> _Goal of the exercise_:
For this exercise, reproduce the entries below exactly, but only from the line containing "We exchange lineup" through the line containing "系統(tǒng)包括3部分:CDMA無線廣告機,中心管理軟件,無線傳輸通路。", both included.

> _Extracted material_:
----
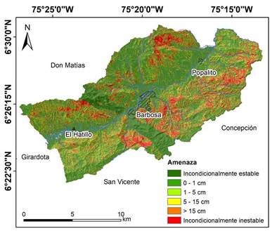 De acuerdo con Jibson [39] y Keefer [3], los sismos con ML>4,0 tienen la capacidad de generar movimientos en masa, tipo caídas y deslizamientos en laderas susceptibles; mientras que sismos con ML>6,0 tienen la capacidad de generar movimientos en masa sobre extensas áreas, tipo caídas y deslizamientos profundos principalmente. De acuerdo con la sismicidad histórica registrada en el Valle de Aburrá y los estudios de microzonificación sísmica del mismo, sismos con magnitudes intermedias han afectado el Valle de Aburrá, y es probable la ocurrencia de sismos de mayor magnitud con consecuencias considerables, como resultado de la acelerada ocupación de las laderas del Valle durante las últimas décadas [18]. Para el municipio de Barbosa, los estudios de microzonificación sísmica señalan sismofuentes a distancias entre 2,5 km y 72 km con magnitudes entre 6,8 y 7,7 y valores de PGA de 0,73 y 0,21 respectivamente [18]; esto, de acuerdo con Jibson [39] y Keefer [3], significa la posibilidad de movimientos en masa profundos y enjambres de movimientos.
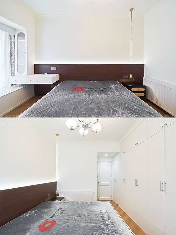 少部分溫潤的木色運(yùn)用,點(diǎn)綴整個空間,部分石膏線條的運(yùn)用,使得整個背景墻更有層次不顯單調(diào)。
----
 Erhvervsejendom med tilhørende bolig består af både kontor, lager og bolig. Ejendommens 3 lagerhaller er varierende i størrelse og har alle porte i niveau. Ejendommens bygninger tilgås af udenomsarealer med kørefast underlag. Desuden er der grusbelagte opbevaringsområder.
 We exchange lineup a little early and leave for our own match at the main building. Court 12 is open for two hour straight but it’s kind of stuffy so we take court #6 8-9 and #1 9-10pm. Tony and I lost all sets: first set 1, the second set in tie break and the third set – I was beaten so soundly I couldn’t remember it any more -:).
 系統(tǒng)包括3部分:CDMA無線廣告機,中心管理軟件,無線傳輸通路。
----
> _Solution to the problem_:
 We exchange lineup a little early and leave for our own match at the main building. Court 12 is open for two hour straight but it’s kind of stuffy so we take court #6 8-9 and #1 9-10pm. Tony and I lost all sets: first set 1, the second set in tie break and the third set – I was beaten so soundly I couldn’t remember it any more -:).
 系統(tǒng)包括3部分:CDMA無線廣告機,中心管理軟件,無線傳輸通路。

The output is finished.